'''

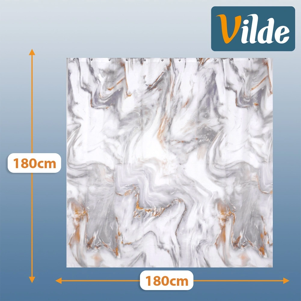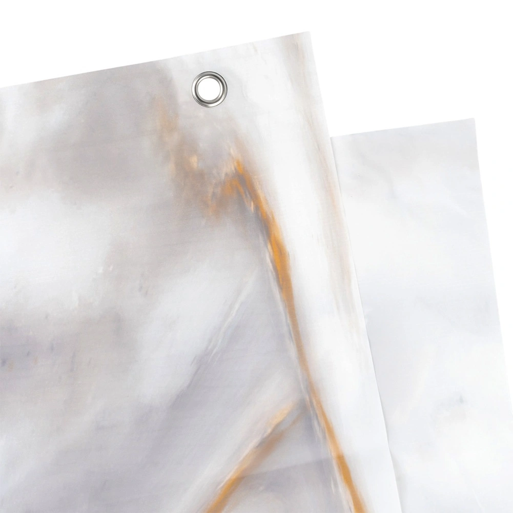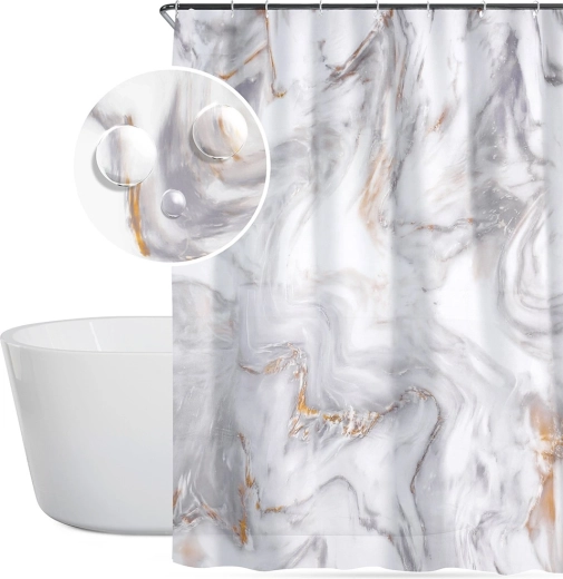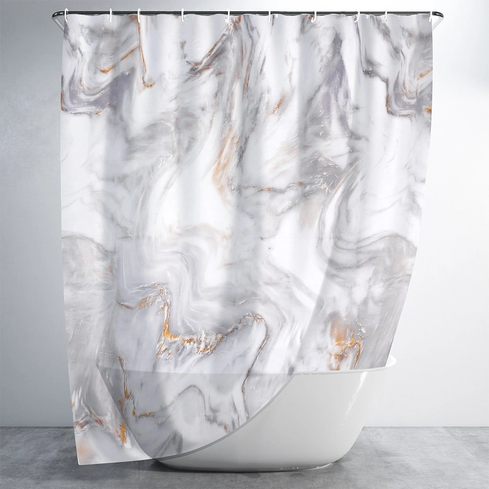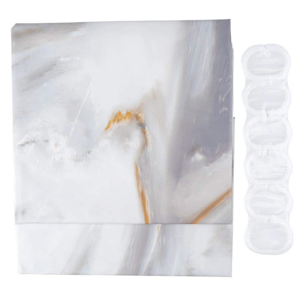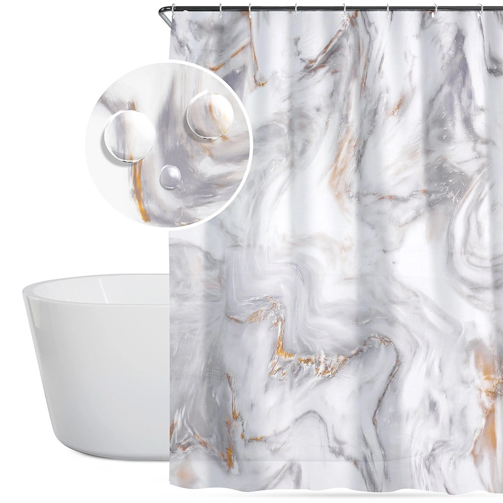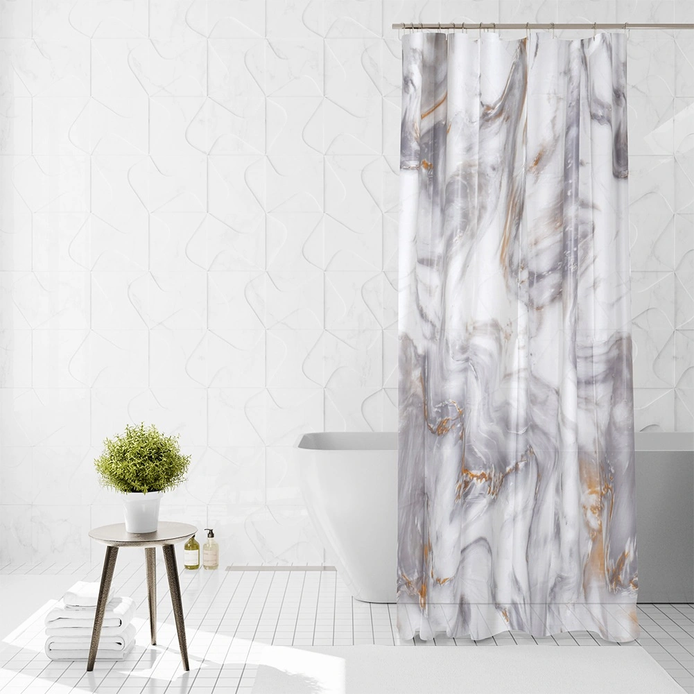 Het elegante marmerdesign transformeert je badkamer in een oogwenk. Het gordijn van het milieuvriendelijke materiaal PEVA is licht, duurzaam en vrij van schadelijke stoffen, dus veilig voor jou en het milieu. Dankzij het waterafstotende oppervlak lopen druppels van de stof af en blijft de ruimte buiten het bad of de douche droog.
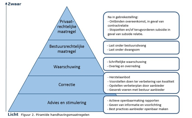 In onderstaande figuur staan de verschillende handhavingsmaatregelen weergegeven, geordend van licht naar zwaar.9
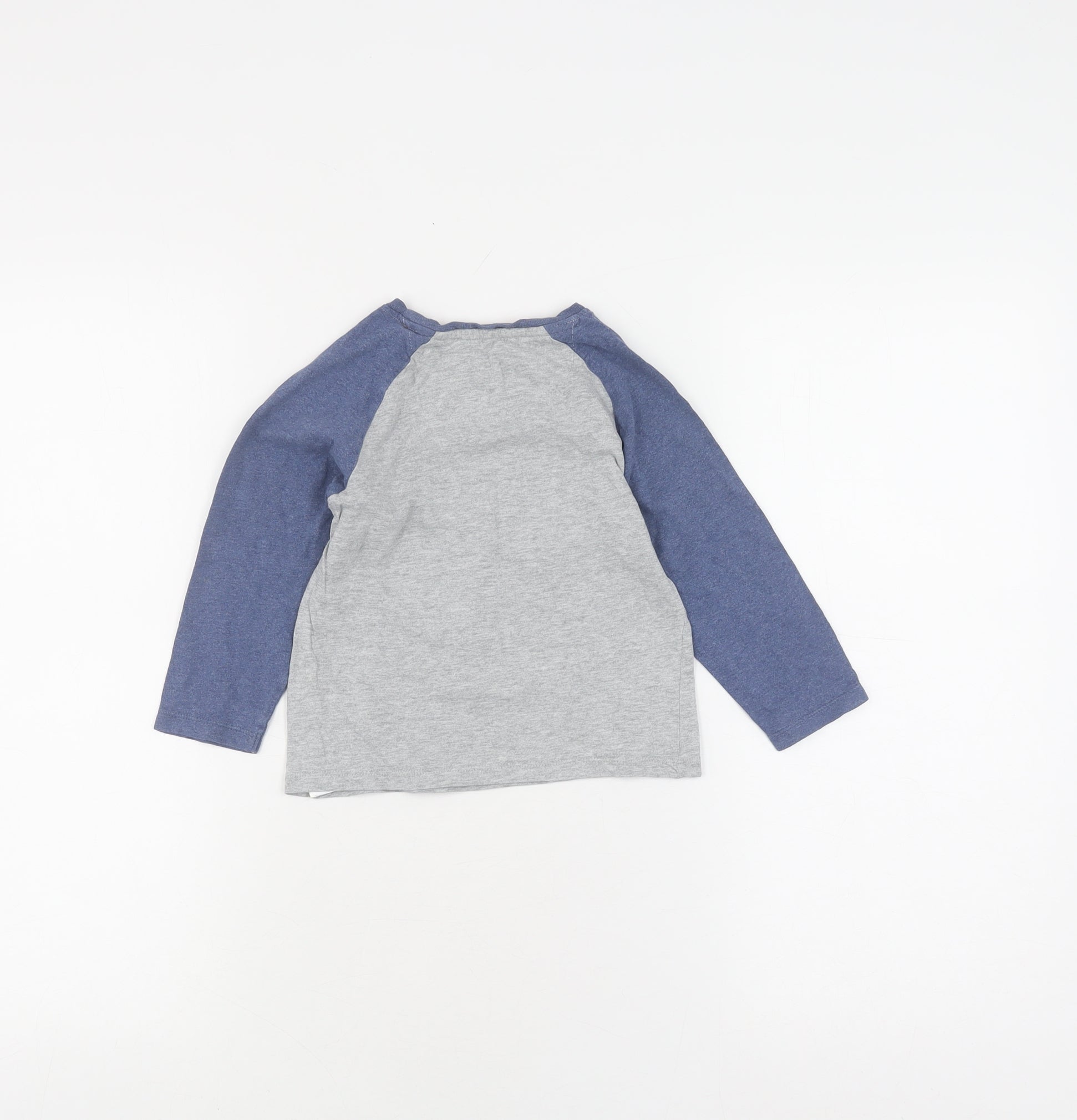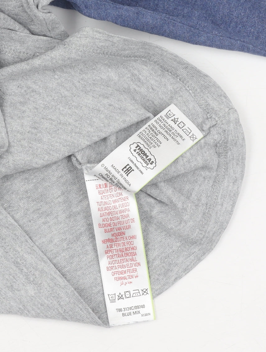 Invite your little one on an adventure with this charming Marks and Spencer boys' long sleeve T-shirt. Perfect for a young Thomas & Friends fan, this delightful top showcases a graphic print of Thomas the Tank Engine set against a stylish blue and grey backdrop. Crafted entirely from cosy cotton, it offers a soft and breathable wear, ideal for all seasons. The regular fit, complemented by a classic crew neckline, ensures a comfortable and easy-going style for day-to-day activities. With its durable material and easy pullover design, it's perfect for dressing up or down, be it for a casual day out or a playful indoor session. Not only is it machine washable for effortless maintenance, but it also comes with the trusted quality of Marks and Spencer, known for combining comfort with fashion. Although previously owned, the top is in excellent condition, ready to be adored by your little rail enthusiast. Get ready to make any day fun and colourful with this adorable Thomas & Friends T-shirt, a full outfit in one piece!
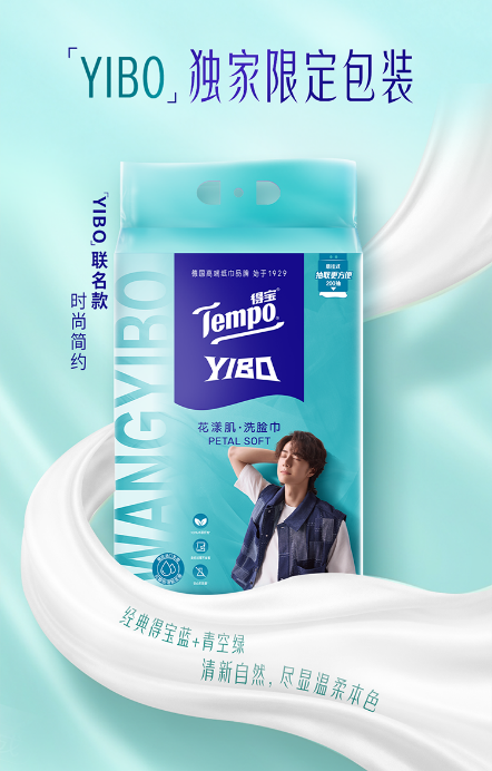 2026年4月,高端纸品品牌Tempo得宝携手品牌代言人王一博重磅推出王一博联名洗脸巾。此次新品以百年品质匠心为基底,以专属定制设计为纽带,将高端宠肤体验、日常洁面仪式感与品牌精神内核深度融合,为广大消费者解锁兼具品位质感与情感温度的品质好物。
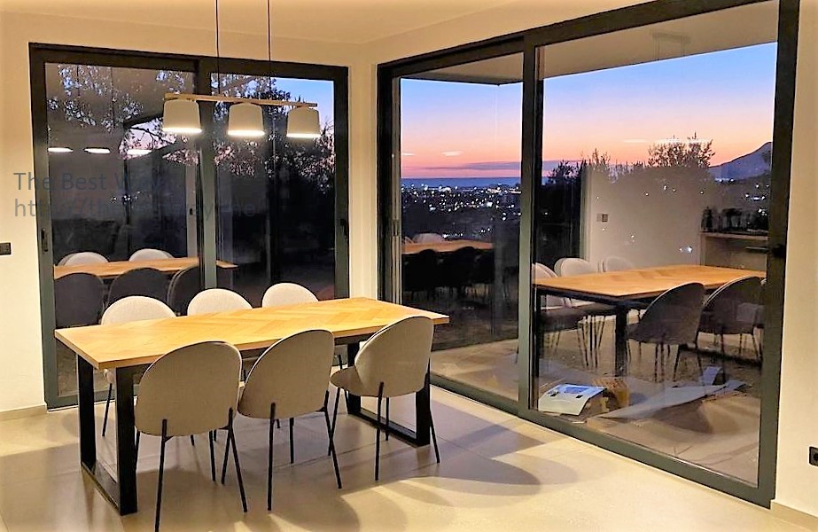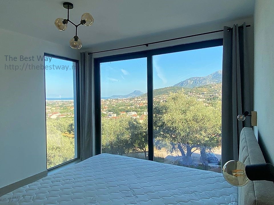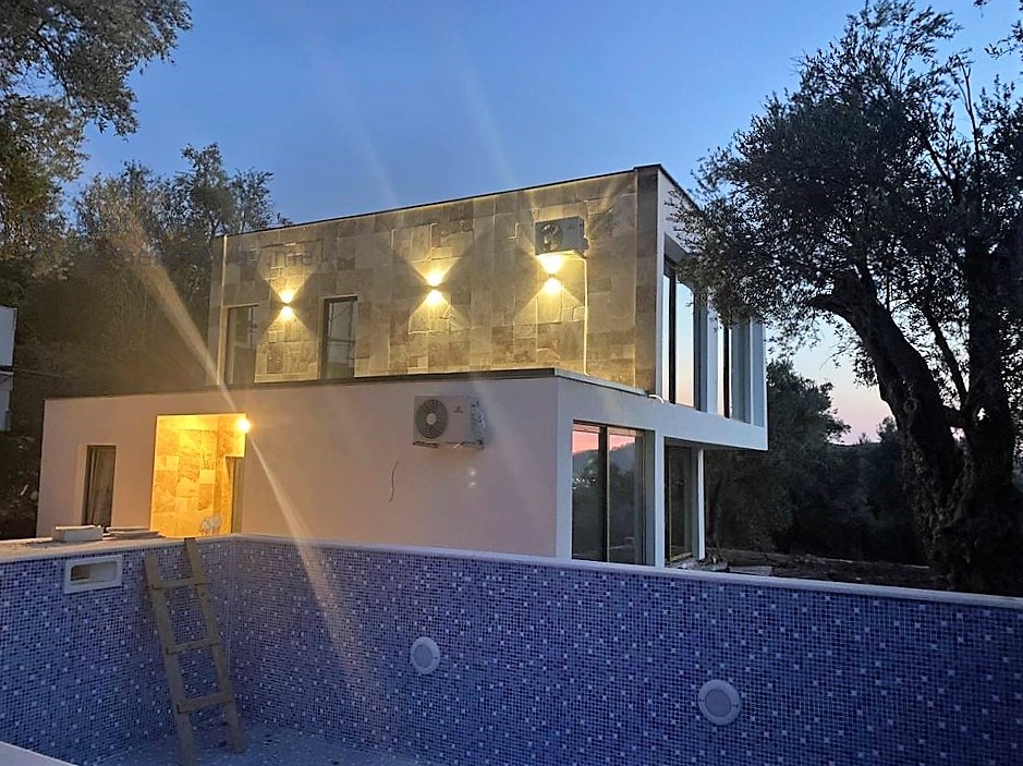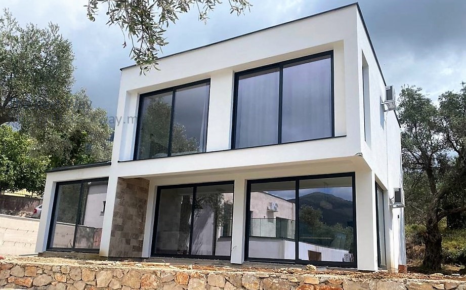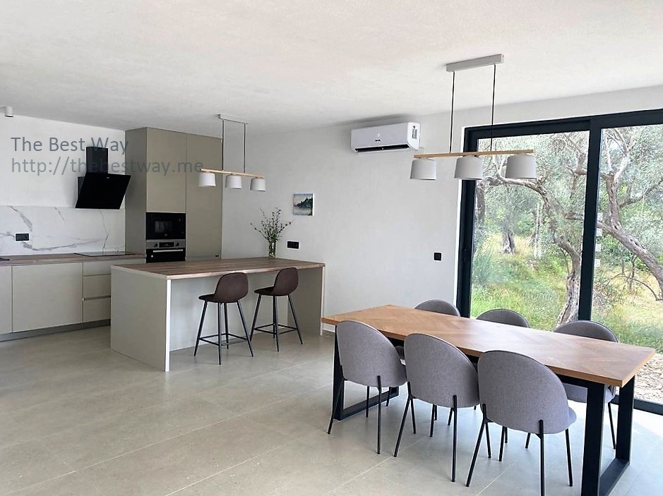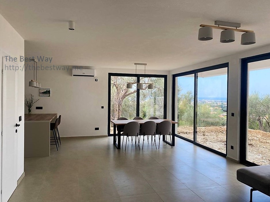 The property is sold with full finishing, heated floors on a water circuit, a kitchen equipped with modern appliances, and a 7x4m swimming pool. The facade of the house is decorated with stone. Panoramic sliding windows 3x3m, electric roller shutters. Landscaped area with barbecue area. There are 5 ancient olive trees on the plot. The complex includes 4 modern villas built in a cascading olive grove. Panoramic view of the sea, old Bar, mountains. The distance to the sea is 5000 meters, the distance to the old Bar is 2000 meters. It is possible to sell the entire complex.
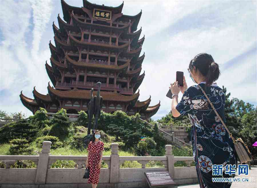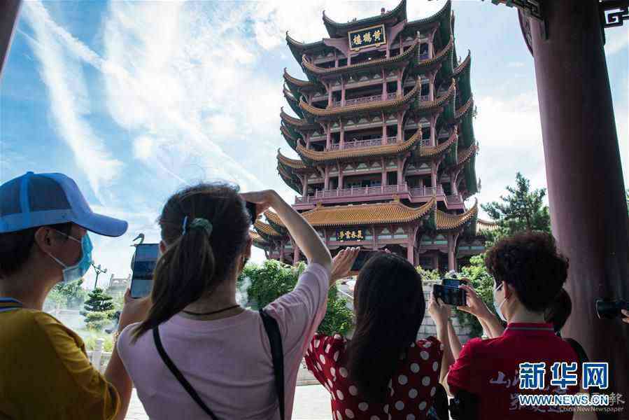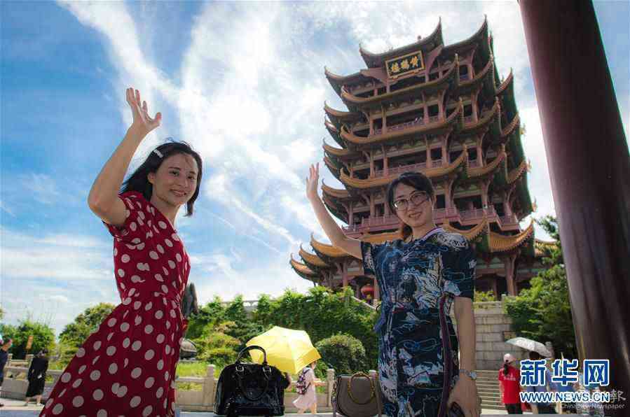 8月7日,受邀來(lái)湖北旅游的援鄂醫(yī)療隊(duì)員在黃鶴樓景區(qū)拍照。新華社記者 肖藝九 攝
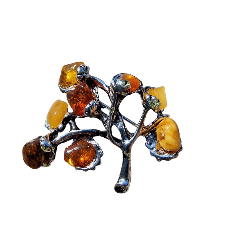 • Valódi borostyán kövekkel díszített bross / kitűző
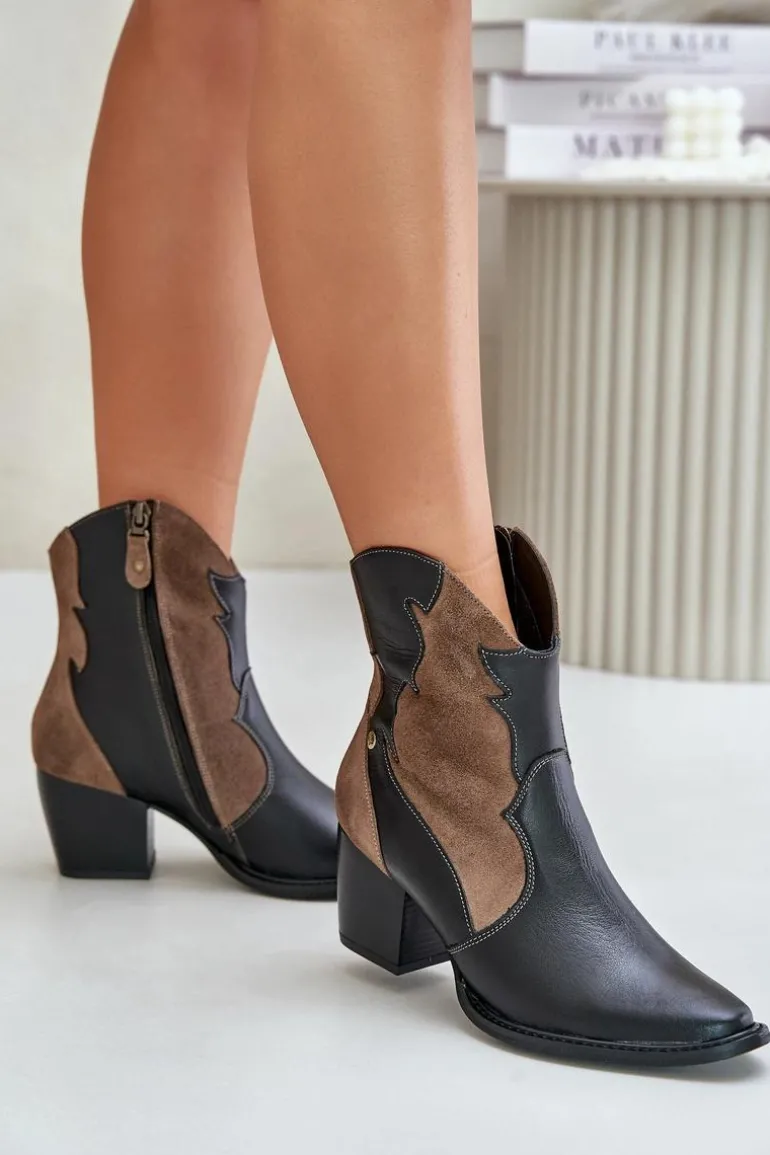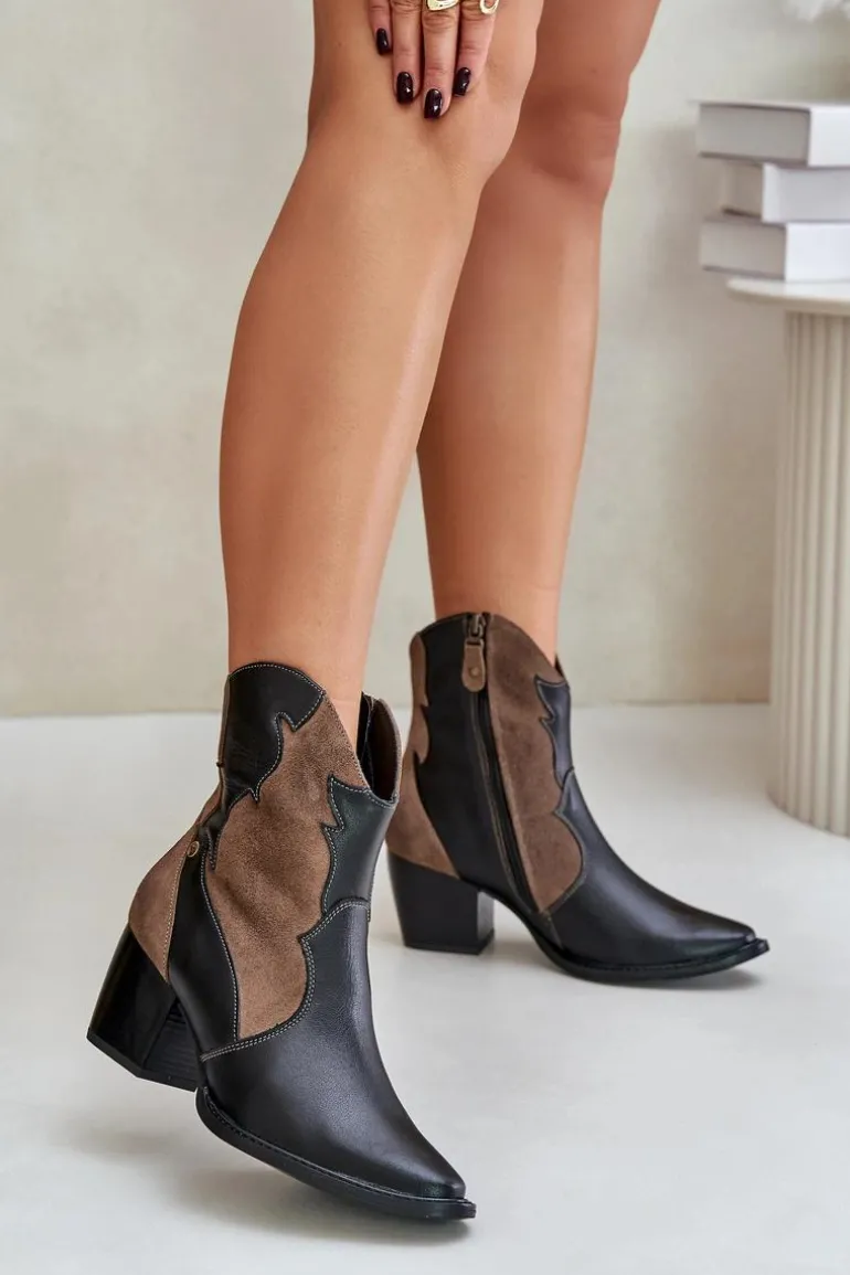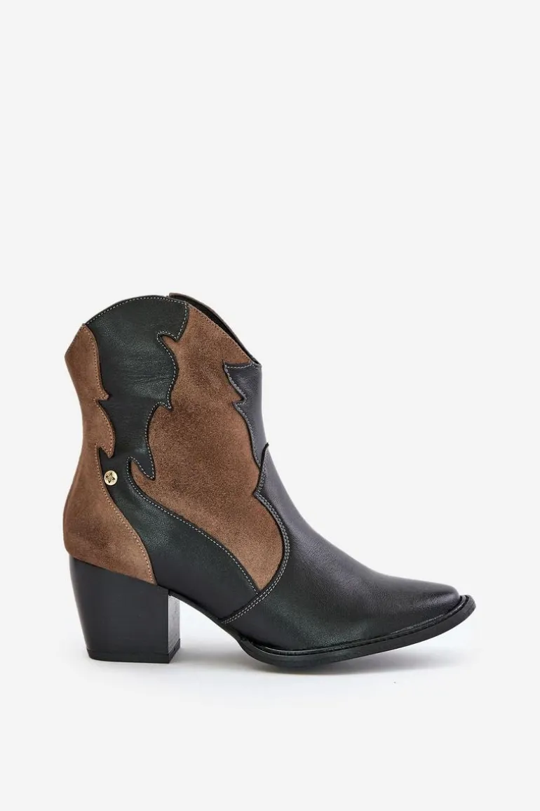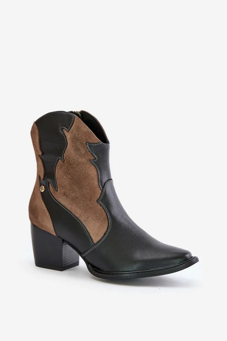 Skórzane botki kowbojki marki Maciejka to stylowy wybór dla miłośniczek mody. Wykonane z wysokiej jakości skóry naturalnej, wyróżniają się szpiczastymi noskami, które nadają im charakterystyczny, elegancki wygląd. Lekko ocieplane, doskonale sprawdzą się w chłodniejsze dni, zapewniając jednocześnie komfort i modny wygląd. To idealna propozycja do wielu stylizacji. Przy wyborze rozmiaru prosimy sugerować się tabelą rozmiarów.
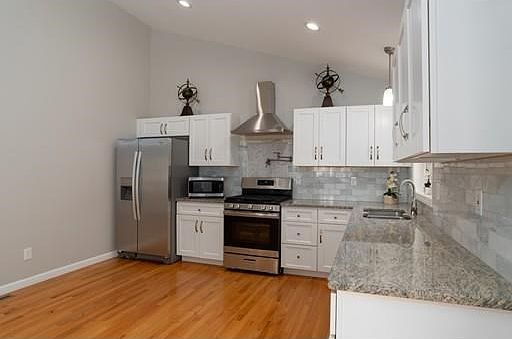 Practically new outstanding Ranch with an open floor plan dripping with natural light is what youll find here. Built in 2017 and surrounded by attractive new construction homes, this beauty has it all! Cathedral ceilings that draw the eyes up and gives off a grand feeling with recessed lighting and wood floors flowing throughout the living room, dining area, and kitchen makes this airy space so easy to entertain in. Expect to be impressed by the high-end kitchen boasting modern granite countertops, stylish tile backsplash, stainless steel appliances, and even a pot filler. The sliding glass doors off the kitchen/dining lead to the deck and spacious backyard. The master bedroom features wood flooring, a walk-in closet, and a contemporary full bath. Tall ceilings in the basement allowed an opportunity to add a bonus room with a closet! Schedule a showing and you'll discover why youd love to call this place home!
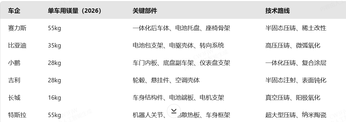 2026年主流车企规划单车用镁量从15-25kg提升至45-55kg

'''

◆ AIM OF THE EXERCISE ◆
Return only the part above that opens with the line containing "Invite your little" and closes with the line containing "2026年4月,高端纸品品牌", exactly and with both ends, skipping the pictures.

◆ OUTPUT OF THE EXERCISE ◆
 Invite your little one on an adventure with this charming Marks and Spencer boys' long sleeve T-shirt. Perfect for a young Thomas & Friends fan, this delightful top showcases a graphic print of Thomas the Tank Engine set against a stylish blue and grey backdrop. Crafted entirely from cosy cotton, it offers a soft and breathable wear, ideal for all seasons. The regular fit, complemented by a classic crew neckline, ensures a comfortable and easy-going style for day-to-day activities. With its durable material and easy pullover design, it's perfect for dressing up or down, be it for a casual day out or a playful indoor session. Not only is it machine washable for effortless maintenance, but it also comes with the trusted quality of Marks and Spencer, known for combining comfort with fashion. Although previously owned, the top is in excellent condition, ready to be adored by your little rail enthusiast. Get ready to make any day fun and colourful with this adorable Thomas & Friends T-shirt, a full outfit in one piece!
 2026年4月,高端纸品品牌Tempo得宝携手品牌代言人王一博重磅推出王一博联名洗脸巾。此次新品以百年品质匠心为基底,以专属定制设计为纽带,将高端宠肤体验、日常洁面仪式感与品牌精神内核深度融合,为广大消费者解锁兼具品位质感与情感温度的品质好物。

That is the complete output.